I am using Kafka connector in Batch mode to read and process 10000 messages in a given batch execution. I want to make sure Kafka connector commits offset for 10000 messages. In case of any failure in the job, and If I restart the job (Using EARLIER option), I want Kafka connector to read messages from next offset of last successful batch run. Please advise.
@rbeerak
Manually committing offsets is currently not supported in the KafakConnector. One thing you could try is the advanced options in the KafkaConnector. You could experiment with the auto.commit.interval.ms parameter to overwrite the default 5000 ms. If you decrease the interval the consumed messages will be committed earlier. Since you know the number of messages in your batch you might be able to come up with an interval that commits the messages right after they are consumed.
We are looking into options to support manual committing offsets with the KafkaConnector.
Thank you @gerhardatsafe. I will probably increase auto.commit.interval.ms and see how it works for my use case. It will be a good feature to support manual commit property especially when consumptions runs in batch mode. This will make error handling quite easy. Thanks for your support.
@gerhardatsafe I have used maximum value for auto.commit.interval.ms. However, I still do not have control over committing kafka offset.
Here is my job flow/configuration:
1. Kafka connector (acts as consumer).
Configured to run in -
"BATCH" mode
"BATCH SIZE":2000 (# of messages per batch)

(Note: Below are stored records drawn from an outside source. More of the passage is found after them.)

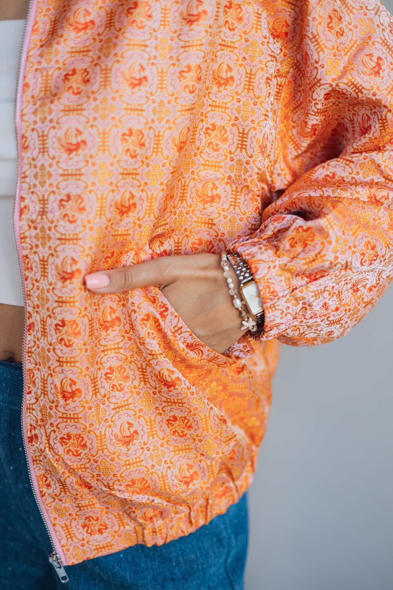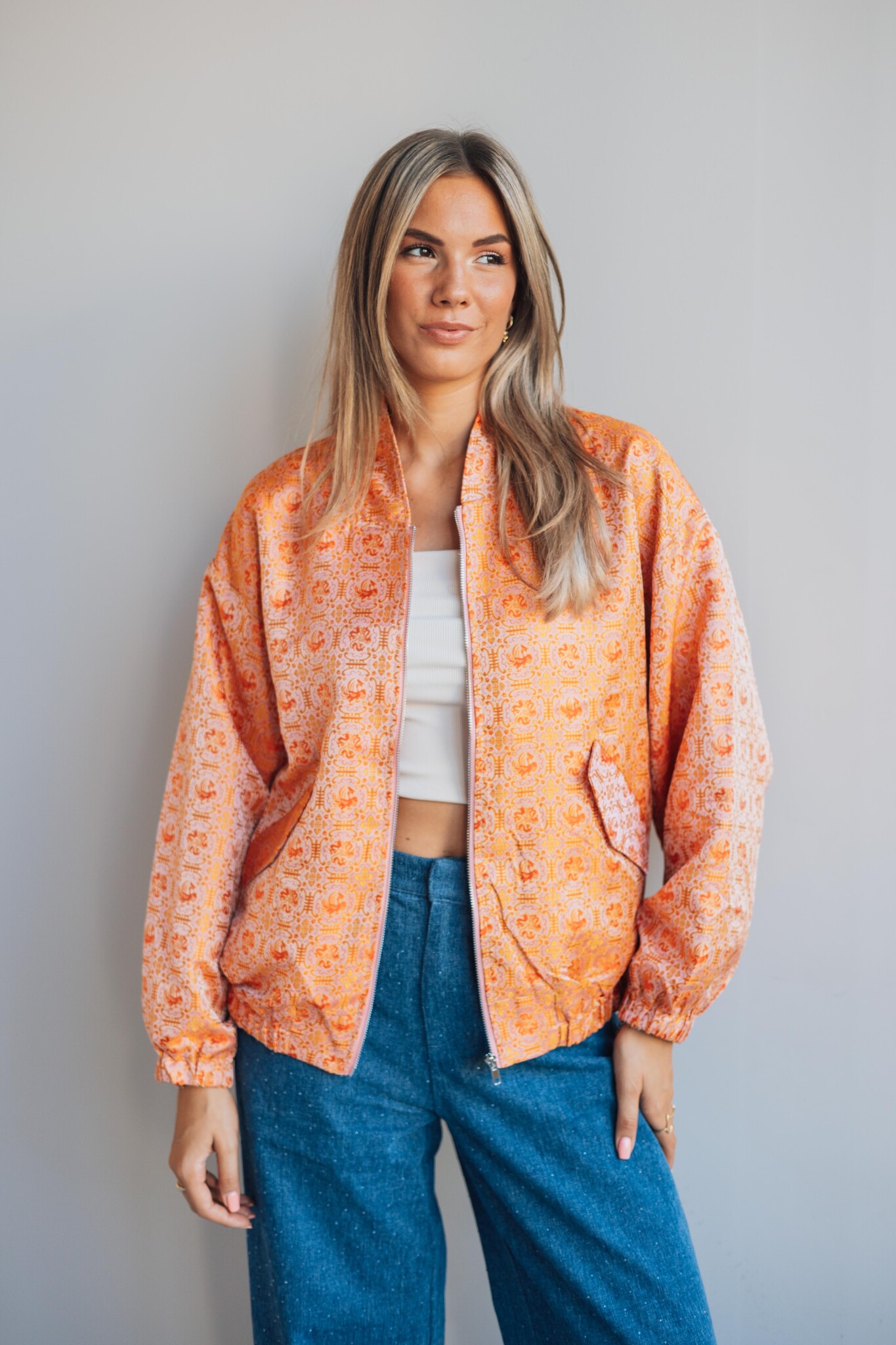 Dit jasje van Studio Amaya valt op door de kleurrijke oranje print, een echte eye-catcher. Voorzien van klep- en steekzakken én elastiek in de manchetten en onderkant, zodat je ‘m makkelijk kunt stylen zoals jij wilt. Bold, fun & super draagbaar!
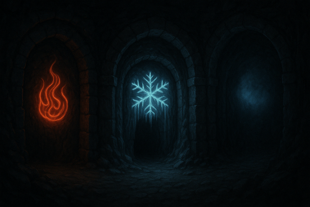 Der Tunnel war nun verzweigt. Drei neue Gänge führten in verschiedene Richtungen. Jeder von ihnen markiert mit Symbolen, die sich vor ihren Augen bewegten, als würden sie atmen. Einer brannte rot. Einer war von Eis überzogen. Und der dritte – pulsierte schwach in einem fahlen Blau.
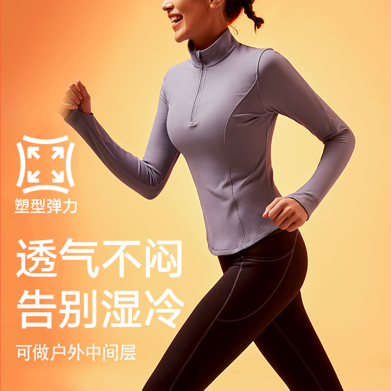 VfU喵喵绒运动上衣女半拉链健身服秋冬瑜伽服长袖加绒保暖户外T恤
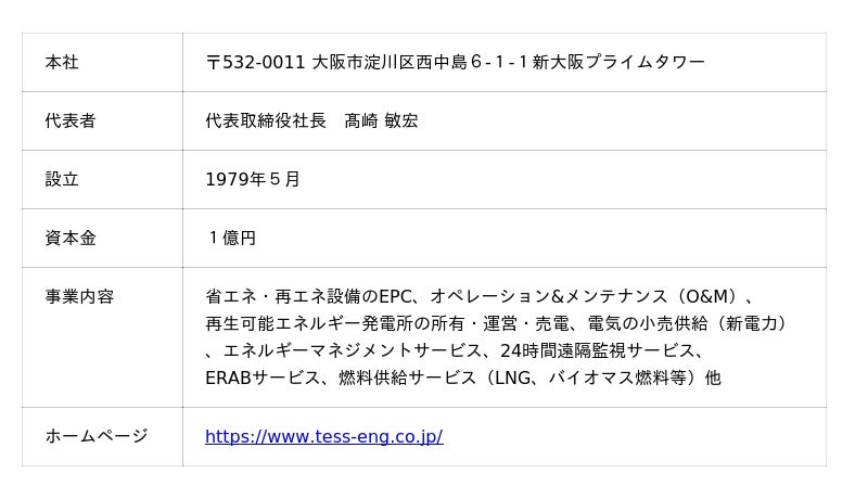 テスホールディングス株式会社(本社:大阪市淀川区、代表取締役社長:山本 一樹、以下「当社」)は、連結子会社であるテス・エンジニアリング株式会社(本社:大阪市淀川区、代表取締役社長:高崎 敏宏、以下「テス・エンジニアリング」)が、この度、高沢産業株式会社(本社:長野県長野市、代表取締役社長:高澤 曜宏、以下「高沢産業」)から「系統用蓄電所」の設置工事を受注いたしましたのでお知らせいたします。
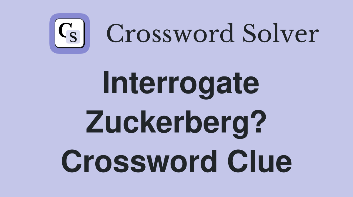 Interrogate Zuckerberg? Crossword Clue Answers Crossword Solver
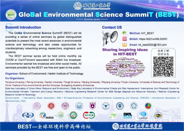 全球环境科学高峰论坛系列讲座(GloBal Environmental Science SummiT seminar series,  BEST),由搜书吧 组织、多家单位联合协办,意在打造全球范围内的精品高端环境论坛,为研究学者、企业家、环境从业者以及学生等提供广泛的国际交流机会。BEST论坛涉及主题包括:气候变化与可持续发展环境与生态健康、减污降碳协同增效、水资源及水处理技术、土壤修复、环境基准与环境安全、环境微生物学、人工智能与大数据等

"EARLIEST" for starting offset.
{"auto.commit.interval.ms":500000}
2. JSON parsing
3. Load parsed tags into postgresql with commit count:2000
Issue:
When there is some issue with table load (probably data conversion) during job execution, the job obviously fails with error and kafka offset gets committed. This means when I rerun the job fixing table, data consumption is happening from next set of messages and messages previous failed batch are lost.
I am looking for some kind of resolution in this case, otherwise I can not handle this kind of failure which is prone to happen.
Can you please help me. I appreciate your support.
@gerhardatsafe I have used maximum value for auto.commit.interval.ms. However, I still do not have control over committing kafka offset.
Here is my job flow/configuration:
1. Kafka connector (acts as consumer).
Configured to run in -
"BATCH" mode
"BATCH SIZE":2000 (# of messages per batch)
"EARLIEST" for starting offset.
{"auto.commit.interval.ms":500000}
2. JSON parsing
3. Load parsed tags into postgresql with commit count:2000
Issue:
When there is some issue with table load (probably data conversion) during job execution, the job obviously fails with error and kafka offset gets committed. This means when I rerun the job fixing table, data consumption is happening from next set of messages and messages previous failed batch are lost.
I am looking for some kind of resolution in this case, otherwise I can not handle this kind of failure which is prone to happen.
Can you please help me. I appreciate your support.
Thanks, @rbeerak for the update.
I added a ticket to our backlog for looking into options to allow a more "manual" commit to avoid the scenario you are describing.
I will let you once there is some progress on this.
I happy to let you know that the KafkaConnector does support manual commits now. Once you upgrade to the newest version you will see a new Action called Commit. To use this you add your receiving KafkaConnector setting the Action to Receive and the Auto Commit to No and in the committing KafkaConnector you reference the Receiving Connector Identifier returned by the first KafkaConnector and set your offset and partition.
Let us know if you have any feedback!